The "SICE Forum" organized by the School of Information and Communication Engineering (SICE) invites Associate Prof. Zaid Al-Ars, Delft University of Technology, to deliver an academic webinar. Below are the details for the event, and interested students and faculty members are welcome to attend.
Topic:Future Technologies to Enable Edge Device Intelligence
Speaker: Zaid Al-Ars (Delft University of Technology,Associate Professor)
Time:16:00 (Thursday), November 11, 2021
Venue: Online platform: ZOOM Meeting
Conference links:
https://tudelft.zoom.us/j/94241813721?pwd=b1gxdExjNTZjOVNwTWNlSi9UaW5VUT09
Host: Associate Professor Qiang Liu
Introduction:
The fast proliferation of edge devices in various application domains opens new opportunities to embed computer intelligence in our environment and support various aspects of our daily lives.

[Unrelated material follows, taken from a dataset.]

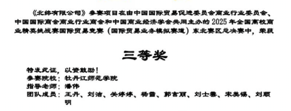 2025年05月31日更新 浏览次 喜报!化学化工学院学子在2025年全国高校商业精英挑战赛国际贸易竞赛(国际贸易业务模拟赛道)东北赛区总决赛中喜获佳绩 五月末,2025年全国高校商业精英挑战赛国际贸易竞赛(国际贸易业务模拟赛道)东北赛区总决赛圆满结束。经过校内选拔、区域竞技,我院多名学子取得佳绩。 2025年全国高校商业精英挑战赛国际贸易竞赛(国际贸易业务模拟赛道)东北赛区总决赛 此次竞赛的开展,充分展现了学校对学生国际贸易业务实践能力培养的重视。未来,学校将持续深耕实践育人路径,以赛事为依托,推动教学与实践深度融合,助力学子在国际贸易领域锤炼本领,为培育更多高素质应用型人才注入动能。

This promises to increase data security, improve user interactivity and reduce bandwidth pressure. However, there are a number of challenges that we need to address to enable this vision, ranging from the limited compute capabilities of edge devices to the inherent vulnerability of devices in the field. In this talk, we present a number of emerging machine learning technologies and approaches to address these challenges. Research on federated and distributed learning allows creating powerful predictive models from the vast amounts of data distributed at the edge. At the same time, new techniques like model quantization allow for deploying such complex models in embedded edge devices easily using automated model synthesis tools. We also discuss applications in healthcare and big data analytics that can benefit immensely from such advances in the capabilities of edge intelligence.
Speaker’s profile:
Zaid Al-Ars is an associate professor in the Delft University of Technology, where he leads the Accelerated Big Data Systems group (abs.ewi.tudelft.nl). His work focuses on addressing bottlenecks in big data analytics frameworks to increase scalability, performance, power efficiency, etc. These techniques are deployed on a number target of application domains such as healthcare, analytics and data science. Zaid is also co-founder of multiple big data analytics startups active at the intersection of big data analytics and high-performance computing. He also worked and collaborated with various tech industry heavyweights, such as Siemens, Infineon, Philips and IBM, and serves on the advisory board of a number of high-tech startups. Zaid received numerous awards in recognition for his research contribution, such as the IBM Faculty Award and the Xilinx Research Grant. He is regularly invited to give talks on big data technology and commercialization both in industry and academia. Zaid has a long and successful history managing and executing industrial projects at the national, European as well as the international level. He has two patents and published more than 150 peer-reviewed publications.